What does HackerNews think of hnswlib?

Header-only C++/python library for fast approximate nearest neighbors

Language: C++

hnswlib (https://github.com/nmslib/hnswlib) is a strong alternative to faiss that I have enjoyed using for multiple projects. It is simple and has great performance on CPU.

After working through several projects that utilized local hnswlib and different databases for text and vector persistence, I integrated hnswlib with sqlite to create an embedded vector search engine that can easily scale up to millions of embeddings. For self-hosted situations of under 10M embeddings and less than insane throughput I think this combo is hard to beat.

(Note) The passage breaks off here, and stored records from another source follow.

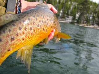 When we got into the channel itself fishing got even better. Yes that means we caught more than three fish every five minutes! It was truly unreal. One thing I noticed is that the browns are larger than the norm for Lewis Lake. By and large these guys average about 16” but today I’ll bet most were 17” to 19”. My best fall flies up on Lewis are rubber leg type flies in yellow. I caught a few lakers on this fly today but black was even better. In fact the only fish I caught on the yellow yummy were lake trout.
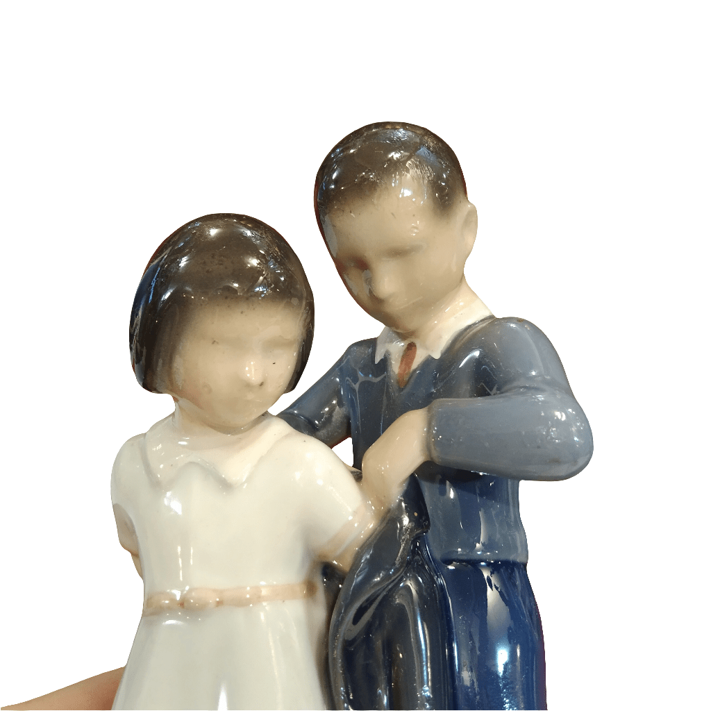 Tierna figura de porcelana de la marca danesa Bing & Grondhal, creada en 1853. La figura representa a un niño ayudando a su hermana pequeña a ponerse una chaqueta. Se trata de una pieza que refleja una ternura y simpleza particular, difuminando los rostros de los personajes y centrándose en el gesto entre ellos.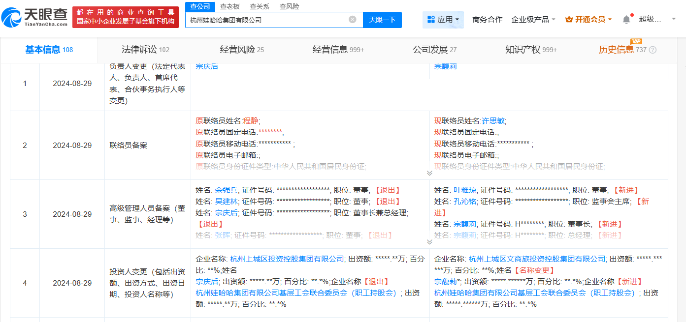 天眼查商业履历信息显示,宗馥莉名下关联210余家企业,其中200余家为存续或开业状态,宗馥莉在上述企业中担任董事长、总经理等职务,并持有10余家企业股份。自父亲去世后,宗馥莉已接手父亲名下包括杭州娃哈哈集团有限公司、娃哈哈商业股份有限公司、杭州娃哈哈启力食品集团有限公司等多家公司。目前,宗馥莉已于去年8月接手父亲名下杭州娃哈哈集团有限公司股份,成为该公司第二大股东,持股29.4%。

https://github.com/jiggy-ai/hnsqlite

https://github.com/nmslib/hnswlib

Used it to index 40M text snippets in the legal domain. Allows incremental adding.

I love how it just works. You know, doesn’t ANNOY me or makes a FAISS. ;-)

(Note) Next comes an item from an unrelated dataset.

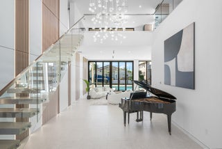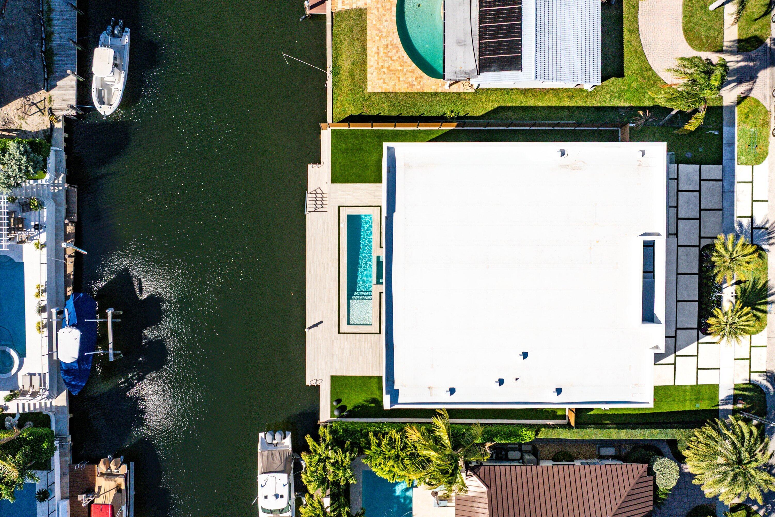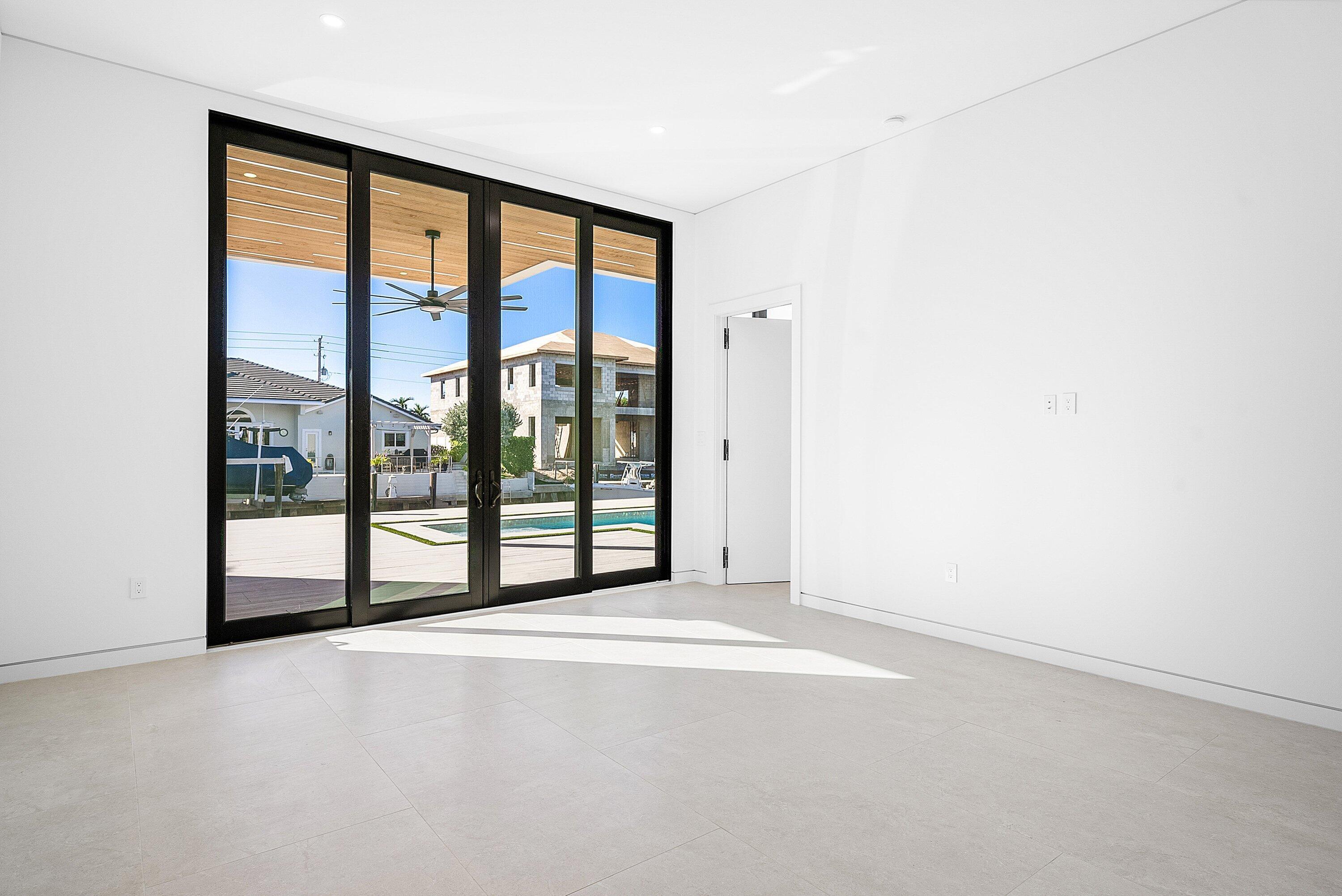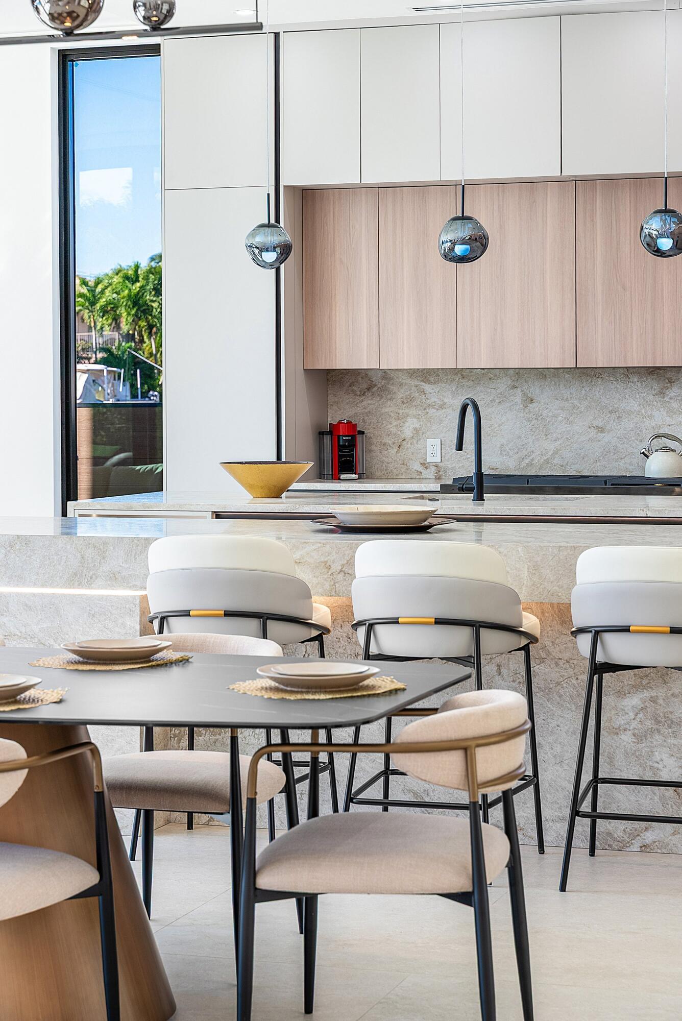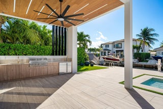 Now complete and move-in ready, 750 NE 69th Street is a striking modern waterfront residence located in Boca Harbor, Boca Raton's premier boating community, offering quick and direct access to the Boca Raton Inlet. This 5-bedroom, 5.5-bathroom estate features 85 feet of deep-water frontage, no fixed bridges, and coveted southern exposure, delivering an exceptional waterfront lifestyle. A dramatic floating staircase, accented by an artistic statement feature wall, creates an immediate architectural impact. Interiors are finished with wide-plank European oak flooring and enhanced by an extensive designer lighting package, including illuminated onyx countertops, LED strip lighting accenting ceiling details, and custom wall inlays that create a warm, architectural glow throughout the home.The modern European kitchen is designed for both form and function, featuring Thermador appliances, a built-in wine cooler, and an impressive double-island layoutperfectly complemented by the home's ambient lighting design. The first-floor clubroom/guest suite is thoughtfully designed with custom wood paneling and a concealed hidden door, offering a sophisticated and flexible space ideal for guests, a private lounge, or media room. The primary suite is a private retreat, highlighted by a spa-inspired wet-room shower, premium Hansgrohe fixtures, and expansive walk-in closets. All closets throughout the homeincluding the primaryhave been professionally built out, providing exceptional storage and organization. All additional bedrooms are ensuite, ensuring privacy and comfort for family and guests. Outdoors, enjoy true South Florida waterfront living with a heated pool and in-ground spa, enhanced by turf accents and luxury landscaping, all overlooking the serene waterway. A brand-new concrete dock with power and water completes the offeringideal for accommodating large vessels and embracing Boca Harbor's premier boating lifestyle. Just minutes from Boca Raton's beaches, dining, and premier amenities, this newly completed estate delivers modern design, superior craftsmanship, and an unmatched boating lifestyle.

hnswlib is in cpp and has python bindings (you should be able to make your own for other languages). Faiss, Annoy (by Spotify) should also provide similar functionality.

https://github.com/nmslib/hnswlib

hnswlib[1] allows for incremental updates. And I believe in terms of accuracy it stacks up fairly well against alternatives like FAISS or ScaNN.

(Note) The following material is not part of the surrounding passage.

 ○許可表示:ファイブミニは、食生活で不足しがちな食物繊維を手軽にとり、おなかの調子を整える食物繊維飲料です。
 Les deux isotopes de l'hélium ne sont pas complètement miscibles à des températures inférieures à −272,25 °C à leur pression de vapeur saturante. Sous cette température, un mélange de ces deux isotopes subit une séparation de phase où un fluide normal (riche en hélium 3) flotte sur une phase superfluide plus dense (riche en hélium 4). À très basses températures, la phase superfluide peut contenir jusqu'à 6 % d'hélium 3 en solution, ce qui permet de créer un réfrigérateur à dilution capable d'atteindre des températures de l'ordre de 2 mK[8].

[1]: https://github.com/nmslib/hnswlib/

There's also hnswlib[1], which has supposedly lower memory requirements and allows for adding new vectors to an existing index.

[1]: https://github.com/nmslib/hnswlib/

great post and my favorite CS topic, LSH is particularly relevant to machine learning because of its use in indexing of embeddings, which are now omnipresent in ML (from word2vec to transformers to image and graph embeddings etc, etc.)

it is now supported in ElasticSearch KNN index (they use HNSWLIB but you can call it a descendant of original LSH in a way)

check out ANN benchmarks [0] for comparison of LSH performance to other state of the art methods like proximity graphs/HNSWLIB [1] and quantization/SCANN [2]

As an introduction LSH (with MinHash) is also described in detail in the book "Mining Of Massive Datasets", ch.3, "Finding Similar items", highly recommended [3]

if you want to play with LSH, python "annoy" library is the best place to start [4]

[0] https://github.com/erikbern/ann-benchmarks

[1] https://github.com/google-research/google-research/tree/mast...

[2] https://github.com/nmslib/hnswlib

[3] http://infolab.stanford.edu/~ullman/mmds

[4] https://github.com/spotify/annoy